We analyse a series of saturated and unsaturated porous media using µCT; four glass bead packs, a sand pack and a sandstone. In the saturated images the pore space contains brine and residual CO2 (Sr) at subsurface storage conditions. We quantify Sr and cluster size distributions and determine characteristic properties of the porous media through image analysis and the extraction of representative networks. We show that media with narrower pore throats, such as sandstones, trap more CO2 than media with wider pore throats. Numerical simulations performed on the extracted networks do not accurately predict the measured residual CO2 saturations. We discuss the important implications of these results for CO2 storage site selection, containment security assessments, and storage capacity appraisal.
Capillary trapping - the immobilisation of non-wetting phase clusters on the pore scale by capillary forces - has been identified as an important subsurface mechanism in the geological storage of CO2 in saline aquifers. The magnitude of CO2 trapped by capillary forces (the residual saturation; Sr) will impact the migration of CO2 through the aquifer and the ultimate CO2 storage capacity, while the surface area of trapped clusters will be a controlling parameter in their ultimate dissolution in the formation brine.
Capillary trapping has been studied for decades due to its importance in the petroleum industry and in soil remediation, and more recently also in the context of CO2 storage (e.g. Jerauld, 1997, Conrad et al., 1992, Iglauer et al., 2011a respectively). Historically experiments were performed on centimetre scale samples (e.g. Oak et al., 1990) but recently such experiments have been performed on millimetre scale samples enabling the pore space and the fluids contained therein to be imaged on the micro-meter scale with micro-computed tomography (µCT) [Prodanovic et al., 2007; Iglauer et al., 2010, 2011b, 2012a, 2012b; Kumar et al., 2010; Georgiadis et al., 2011; Suekane et al., 2011; Porter et al. 2010].

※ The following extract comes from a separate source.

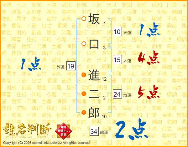 坂(7画)口(3画) 進(12画)二(2画)郎(10画)

Here we perform additional analysis on the storage condition (i.e. high pressure and elevated temperature) CO2-brine results of Iglauer et al., 2011b and Suekane et al., 2011. Table 1 summarises the conditions of these experiments. Our objective is to understand which characteristic properties of the porous media have the greatest influence upon capillary trapping, and to investigate the characteristic properties of the trapped clusters. We employ a multi stage approach: rock properties are determined from the unsaturated scans through image analysis and the generation of representative pore network models; cluster properties are determined by analysing the saturated scan images; and trapped CO2 saturations from the experiments are compared with those predicted by dynamic simulations on the pore network models.